Instructions for the task: Each entry should be copied as it stands, leaving the pictures behind.

Stored items from a collection

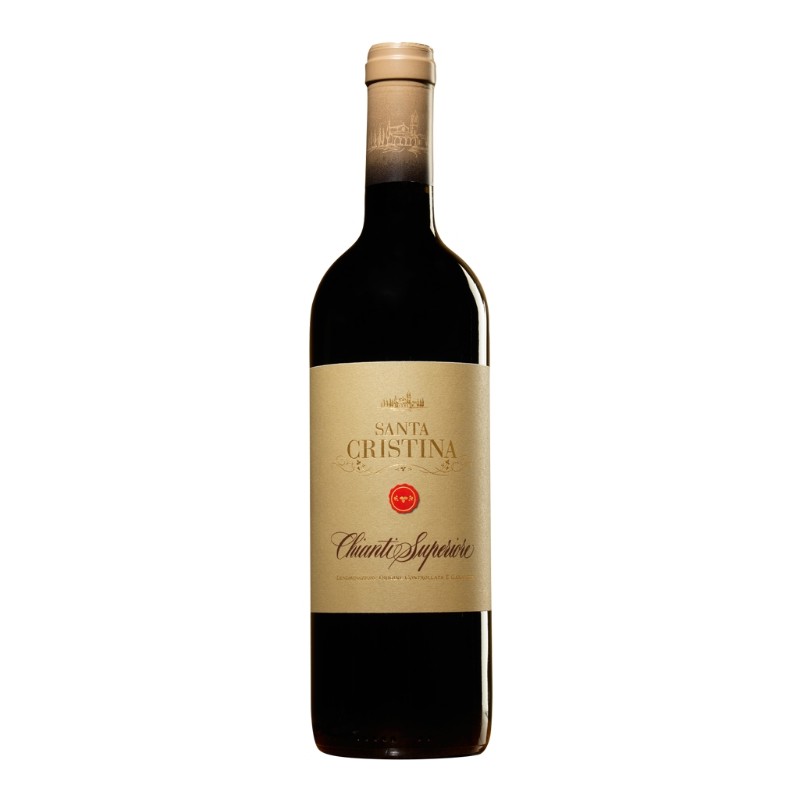 Il Chianti Superiore Santa Cristina si presenta di colore rosso rubino con riflessi violacei, presenta un profumo speziato con note di frutta rossa che ricordano la ciliegia. Al palato è aromatico con tannini morbidi ben amalgamati. Il finale ricorda la frutta rossa percepita al naso.
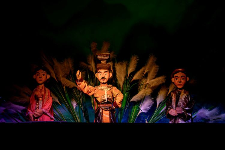Cảnh trong vở diễn “Hoàng đế cờ lau” của Nhà hát Múa rối Thăng Long.
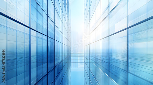Abstract Blurry Office Background with Soft Blue Gradients and Glass Reflections
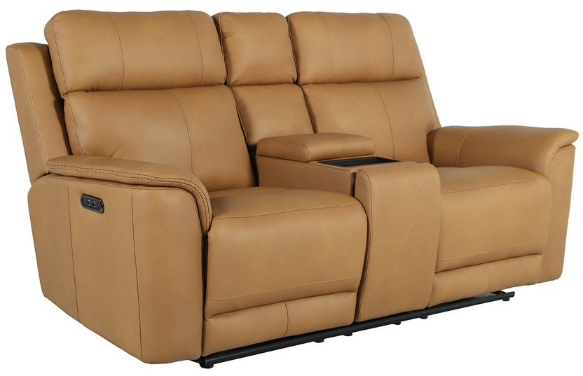 Experience style and comfort with the Vogue Toffee reclining group. The well-constructed frame is upholstered in a beautiful top grain toffee leather. Console features storage with hidden cupholders and USB-charging. All three pieces of the set are complete with power reclining headrests making it easy to get comfortable.Read More
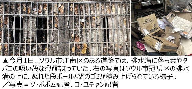 ソウル市の各自治区には排水溝を定期的に清掃する担当員がいるが、清掃する回数が少なすぎると指摘されている。冠岳区では年1回、江南区では年2回だけ排水溝の清掃を実施しているという。これではゴミがたまる速さに比べ少なすぎる。>>1
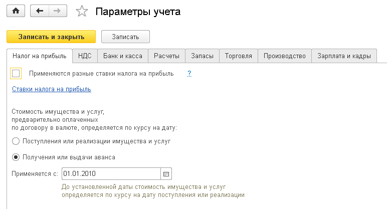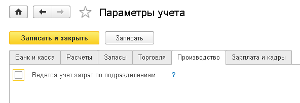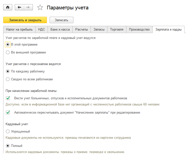 После настройки параметров учета их надо сохранить, нажав кнопку ЗАПИСАТЬ И ЗАКРЫТЬ.
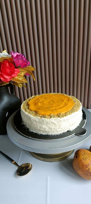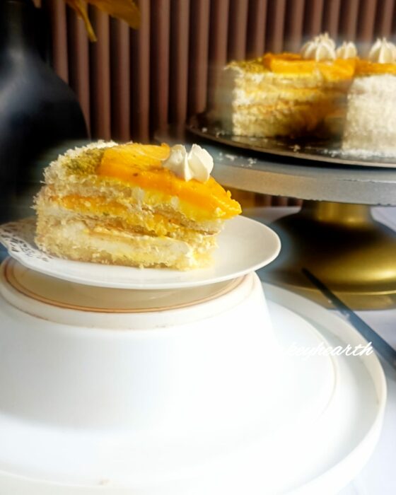 Indulge in the tropical delight of our Coconut Mango Cake โ a perfect blend of creamy coconut and juicy mango! ๐ด๐ฅญ Satisfy your sweet cravings with every bite!
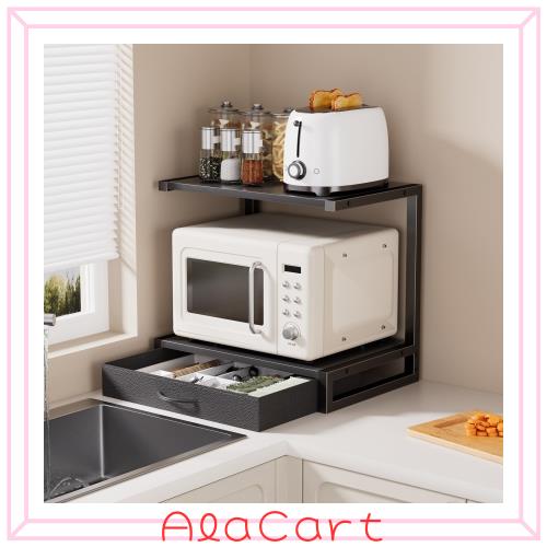 レンジラック 卓上 引き出し付き 電子レンジラック 冷蔵庫上収納 キッチンラック 幅44cm×奥行30cm×高さ40cm 省スペース 耐荷重40kg イ
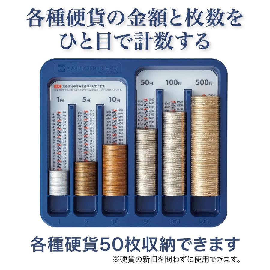 | アイテム情報 | 釣銭の整理に最適なコインキーパー。1円~500円の硬貨が各50枚ずつ収納できます。ひと目で分かる金額表示と、両替にも便利な段差付きです。 |
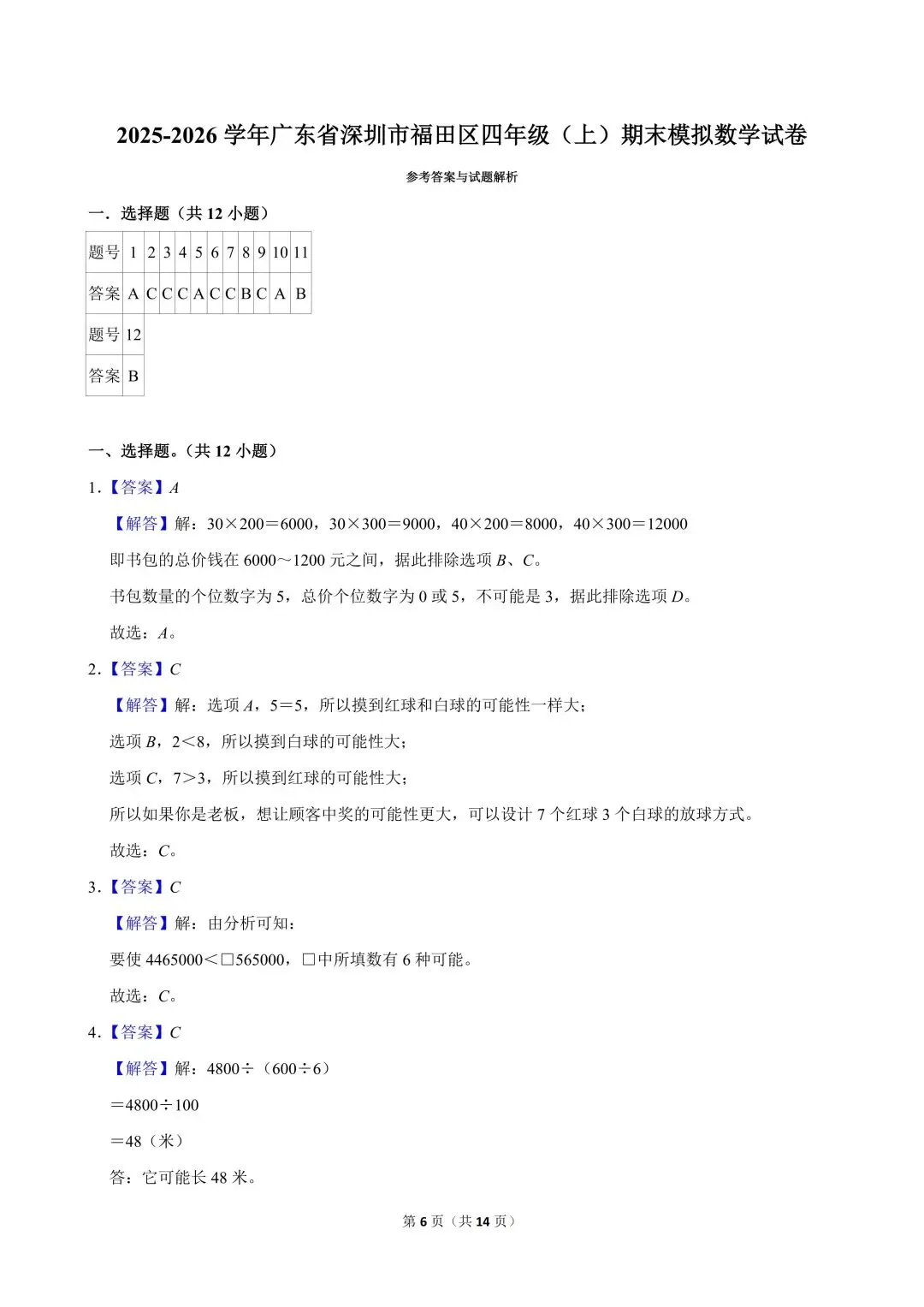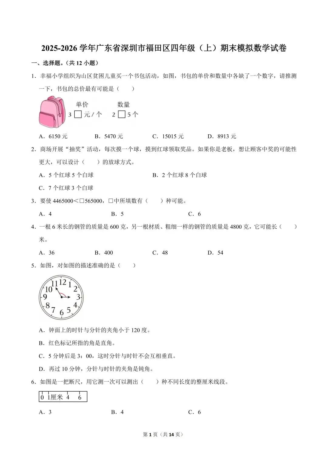 2025-2026学年广东省深圳市福田区四年级(上)期末模拟数学试卷及答案解析
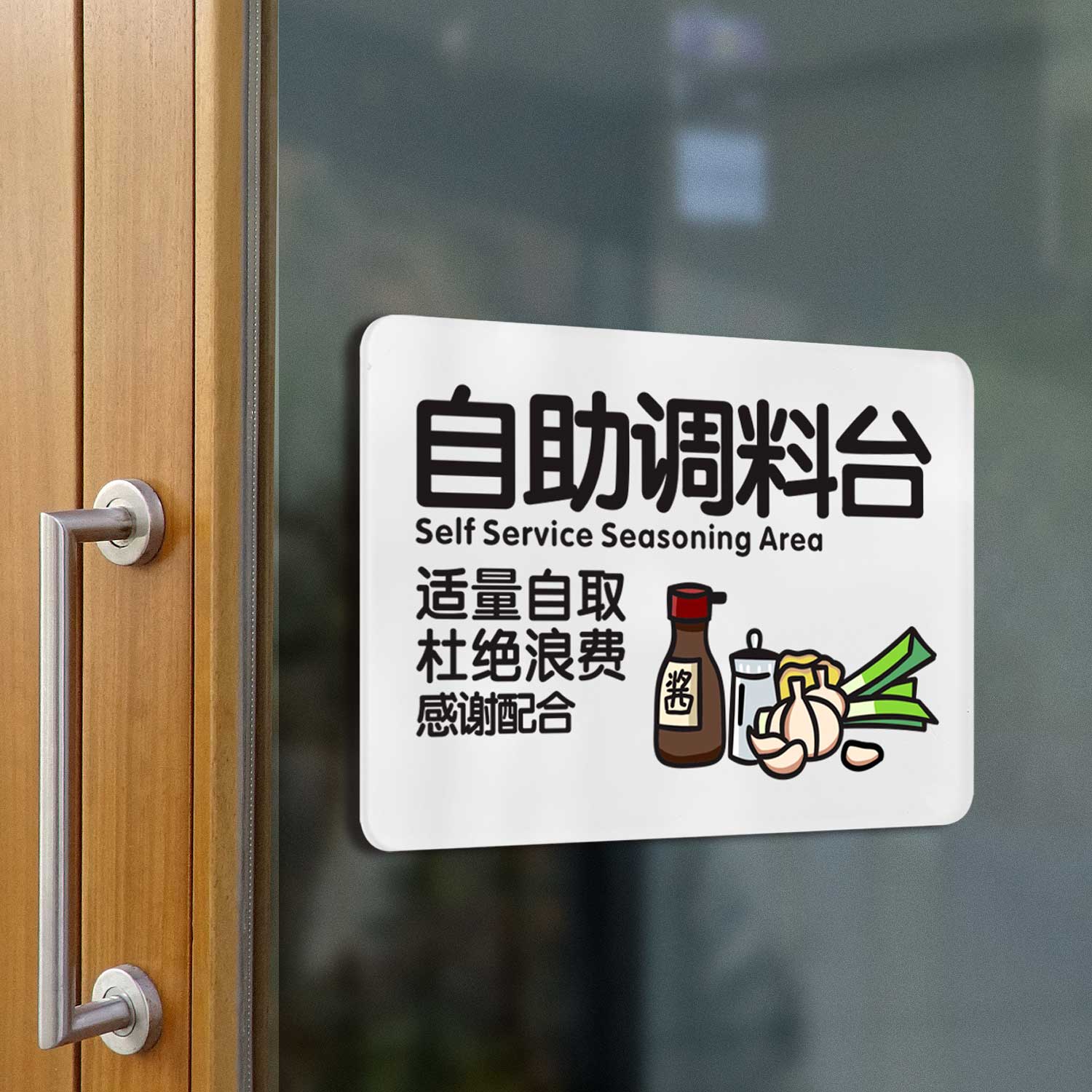 餐厅标识牌自助调料小料区提示牌每位23456元杜绝浪费自助餐厅牌
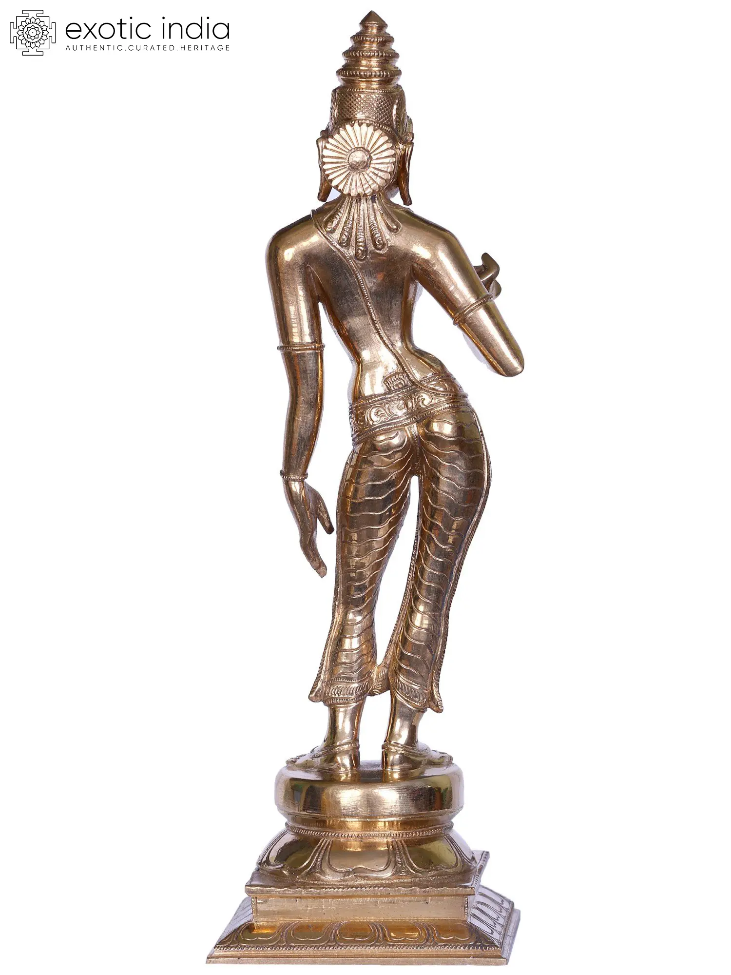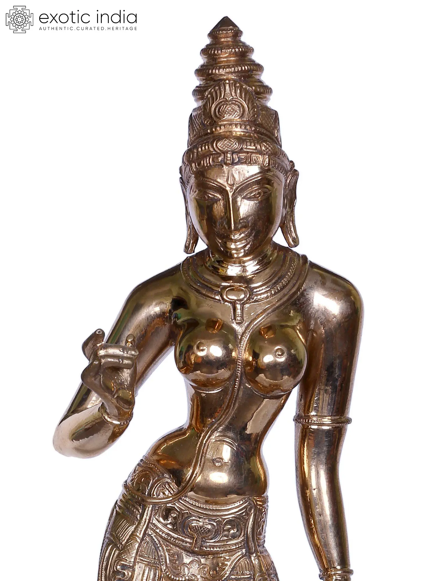 Inviting Shiva’s essence, without Uma’s presence is futile - at times, called Tripura Sundari (the beauty of three cities), Uma finds wide details written of her power, character, and beauty in Matysa Purana. Standing in a Tribhangi over her carefully detailed dais - She is modeled in auras of sensuality, divinity, and royalty. Her long and graceful limbs and striking oval face are just as gorgeous, as the minute details of her precious jewelry. A sacred thread worn by her in diagonal, the tips of her loincloth are slightly flared, right above the ankles. Polished to shine and smooth as the touch of a feather, this Panchaloha idol is, a sculpture insignia.
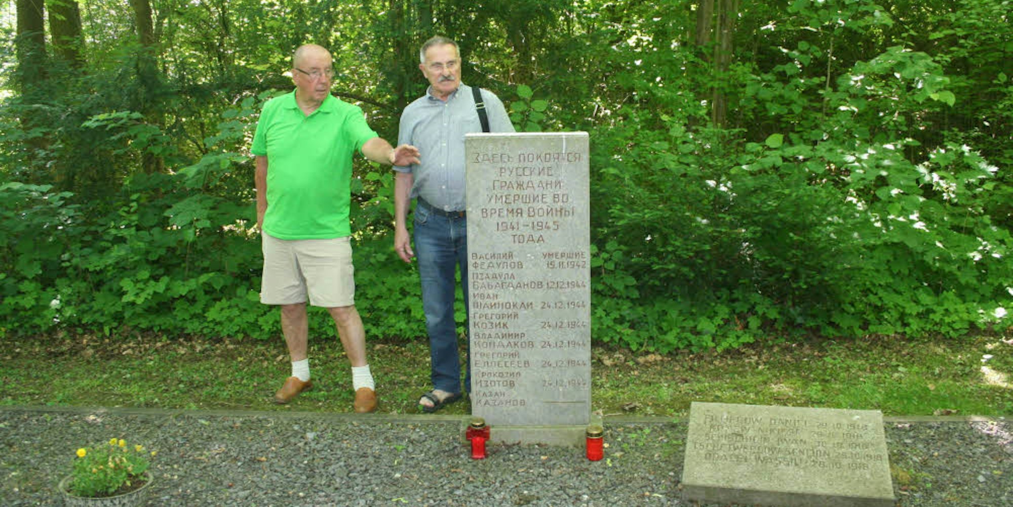 Auch die Gräber für die russischen Opfer aus dem Ersten und Zweiten Weltkrieg sind in der Informationsstele berücksichtigt und gekennzeichnet worden. In kyrillischer Schrift sind auf einem Stein und einer Grabplatte die Namen von 13 Opfern zu lesen. Vertreter des russischen Generalkonsulats haben diesen Ort mehrfach besucht, wie Beißel berichtete.
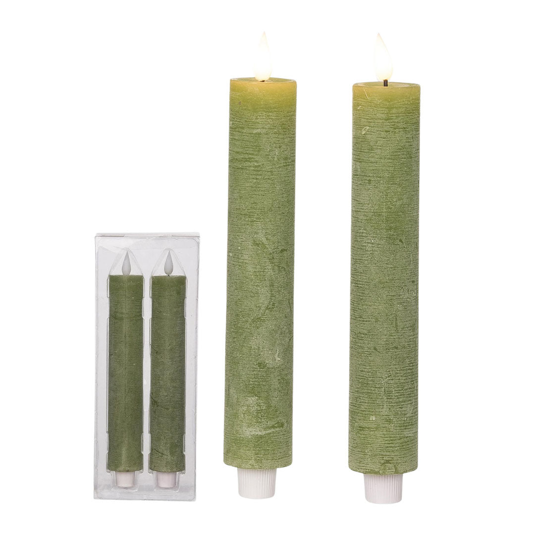 Create a cozy and inviting atmosphere with this set of 2 LED wax solid taper candles. The warm flickering light mimics real wax candles, while the LED technology adds convenience and safety. Perfect for any occasion or room in your home, these candles add a touch of elegance to your decor.

Result of this task:
 Il Chianti Superiore Santa Cristina si presenta di colore rosso rubino con riflessi violacei, presenta un profumo speziato con note di frutta rossa che ricordano la ciliegia. Al palato è aromatico con tannini morbidi ben amalgamati. Il finale ricorda la frutta rossa percepita al naso.
Cảnh trong vở diễn “Hoàng đế cờ lau” của Nhà hát Múa rối Thăng Long.
Abstract Blurry Office Background with Soft Blue Gradients and Glass Reflections
 Experience style and comfort with the Vogue Toffee reclining group. The well-constructed frame is upholstered in a beautiful top grain toffee leather. Console features storage with hidden cupholders and USB-charging. All three pieces of the set are complete with power reclining headrests making it easy to get comfortable.Read More
 ソウル市の各自治区には排水溝を定期的に清掃する担当員がいるが、清掃する回数が少なすぎると指摘されている。冠岳区では年1回、江南区では年2回だけ排水溝の清掃を実施しているという。これではゴミがたまる速さに比べ少なすぎる。>>1
 После настройки параметров учета их надо сохранить, нажав кнопку ЗАПИСАТЬ И ЗАКРЫТЬ.
 Indulge in the tropical delight of our Coconut Mango Cake โ a perfect blend of creamy coconut and juicy mango! ๐ด๐ฅญ Satisfy your sweet cravings with every bite!
 レンジラック 卓上 引き出し付き 電子レンジラック 冷蔵庫上収納 キッチンラック 幅44cm×奥行30cm×高さ40cm 省スペース 耐荷重40kg イ
 | アイテム情報 | 釣銭の整理に最適なコインキーパー。1円~500円の硬貨が各50枚ずつ収納できます。ひと目で分かる金額表示と、両替にも便利な段差付きです。 |
 2025-2026学年广东省深圳市福田区四年级(上)期末模拟数学试卷及答案解析
 餐厅标识牌自助调料小料区提示牌每位23456元杜绝浪费自助餐厅牌
 Inviting Shiva’s essence, without Uma’s presence is futile - at times, called Tripura Sundari (the beauty of three cities), Uma finds wide details written of her power, character, and beauty in Matysa Purana. Standing in a Tribhangi over her carefully detailed dais - She is modeled in auras of sensuality, divinity, and royalty. Her long and graceful limbs and striking oval face are just as gorgeous, as the minute details of her precious jewelry. A sacred thread worn by her in diagonal, the tips of her loincloth are slightly flared, right above the ankles. Polished to shine and smooth as the touch of a feather, this Panchaloha idol is, a sculpture insignia.
 Auch die Gräber für die russischen Opfer aus dem Ersten und Zweiten Weltkrieg sind in der Informationsstele berücksichtigt und gekennzeichnet worden. In kyrillischer Schrift sind auf einem Stein und einer Grabplatte die Namen von 13 Opfern zu lesen. Vertreter des russischen Generalkonsulats haben diesen Ort mehrfach besucht, wie Beißel berichtete.
 Create a cozy and inviting atmosphere with this set of 2 LED wax solid taper candles. The warm flickering light mimics real wax candles, while the LED technology adds convenience and safety. Perfect for any occasion or room in your home, these candles add a touch of elegance to your decor.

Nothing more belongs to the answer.